The fundamental flaw with “The Funhouse” is laziness. There’s a huge difference between a funhouse and a haunted house and this movie doesn’t distinguish between the two. Features of a funhouse might include a maze of mirrors, a rolling barrel you walk through, staircases that move, a crooked room -- this sort of foolishness. Features seen in the funhouse in “The Funhouse” include: gruesome monsters hacking at people with knives, your friends hung from a noose.

But I don’t just mean these are the fates that befall the characters in the movie. You see this sort of stuff when the funhouse is supposed to just be “fun.” Kids go to this carnival, they “step right up,” and then ride around in a dumpy little cart through a roll-away trailer full of this haunted house garbage. But when four friends decide to spend the night in the funhouse, Amy (Elizabeth Berridge, "Amadeus"), Buzz (Cooper Huckabee, "Django Unchained"), Richie (Miles Chapin, "The People vs. Larry Flynt") and Liz (Largo Woodruff, "The Funhouse") get much more than they bargained for! Horror! If you follow!

The kids accidentally discover that one of the carnies has a son who is a mutant sex maniac that killed the hooker who made fun of his penis (I know, I said enough at "one of the carnies has a son," right?). So now the crazy carnie wants to grind up the teenagers in the gears that run the funhouse -- so it’s pretty much like every "Scooby Doo" you've ever seen.
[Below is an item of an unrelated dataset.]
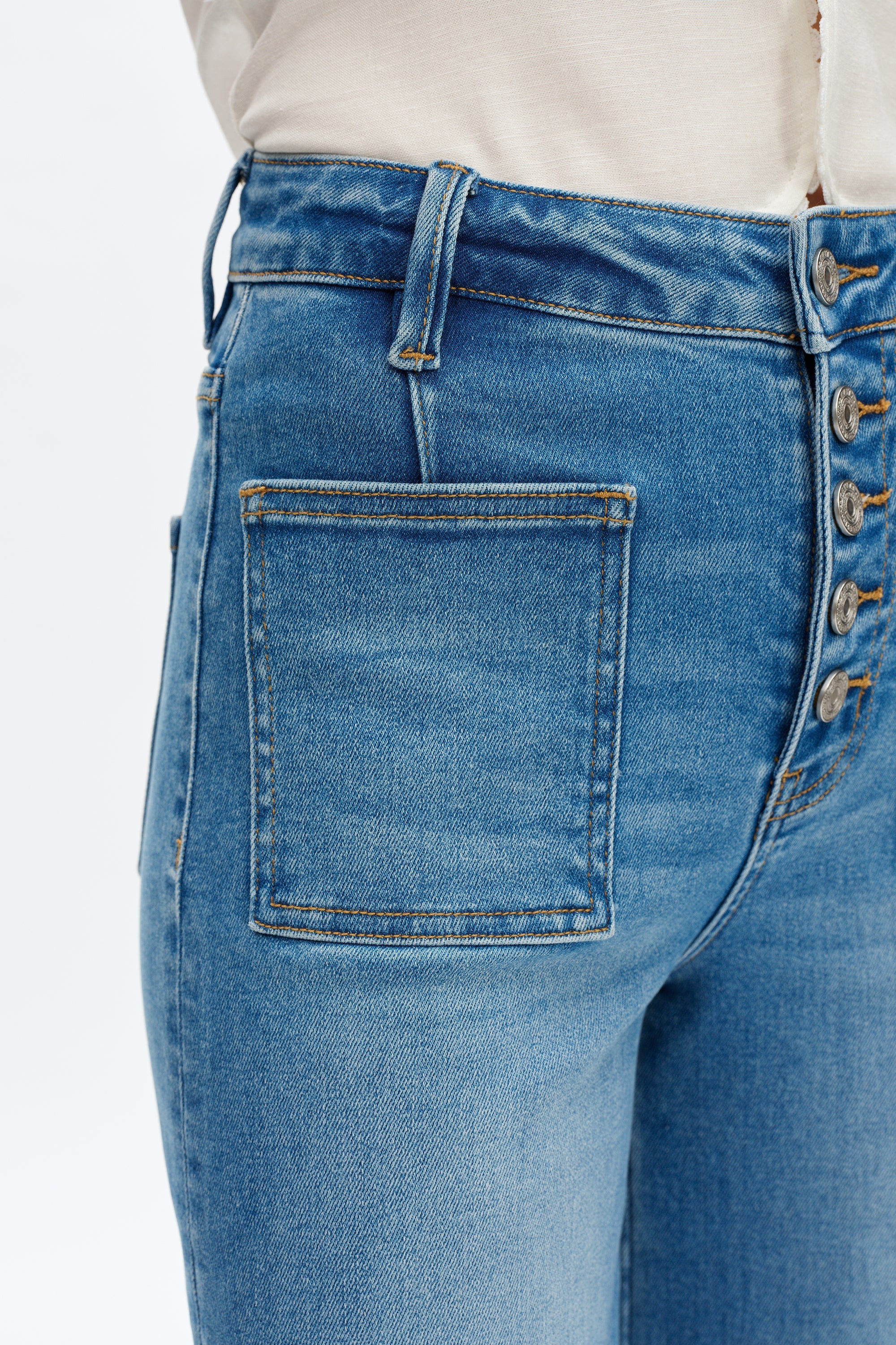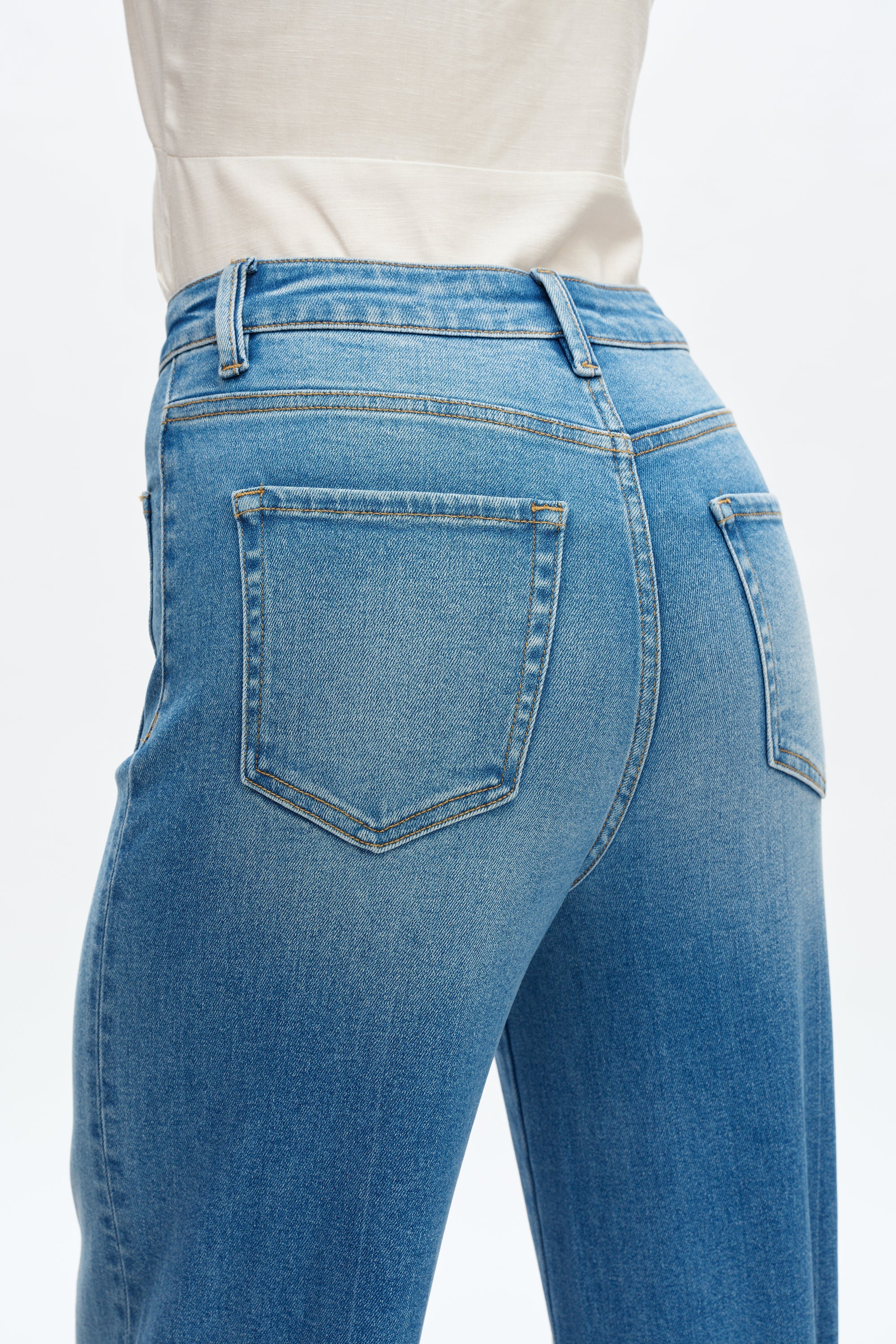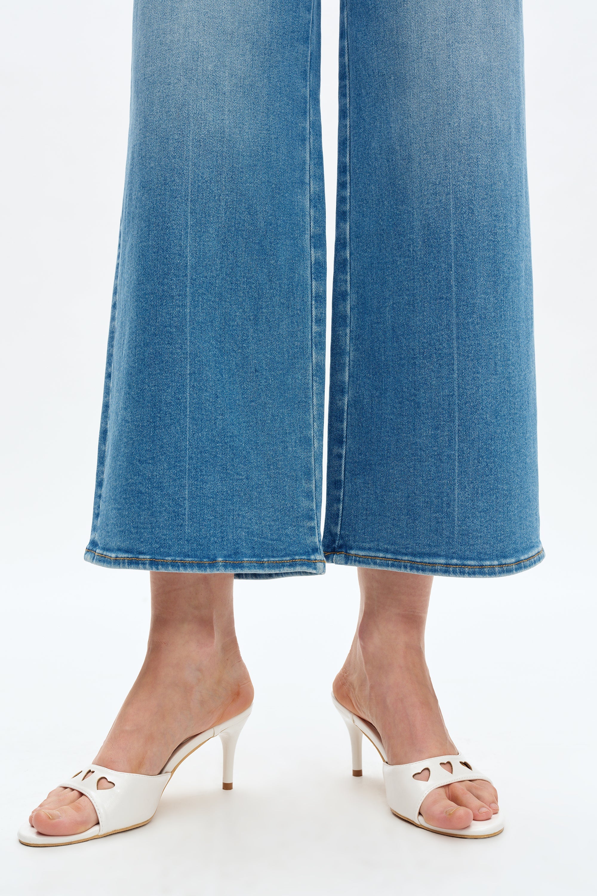 High rise button fly cropped wide leg denim jeans, mid-blue wash, front patch pockets, whiskering and hand-sanded effects, turned-up hem.
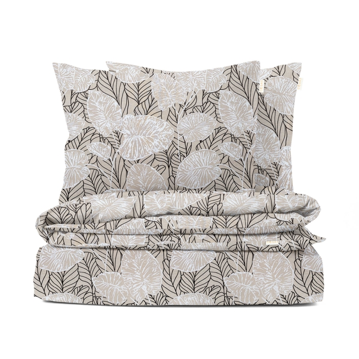 Schnellsuche , листя, листочки, плющ, рослини, Бежевий, Листя, Ранфорс, 180х220 см, Двоспальний комплект без простирадла SAND IVY

Recommended, if you, like me, first saw this in 1982 at the Bedford Grove Drive-In, in Bedford, New Hampshire as the second feature with “Cat People” and are curious to see how much of it you remember. Otherwise, I’m not sure I’d bother. Instead you could go back to director Tobe Hooper’s 1974 classic, “The Texas Chainsaw Massacre,” which truly is a masterpiece of sick, awful horror. I mean, unless that’s not your thing. Then, for heaven’s sake, why would you do that to yourself?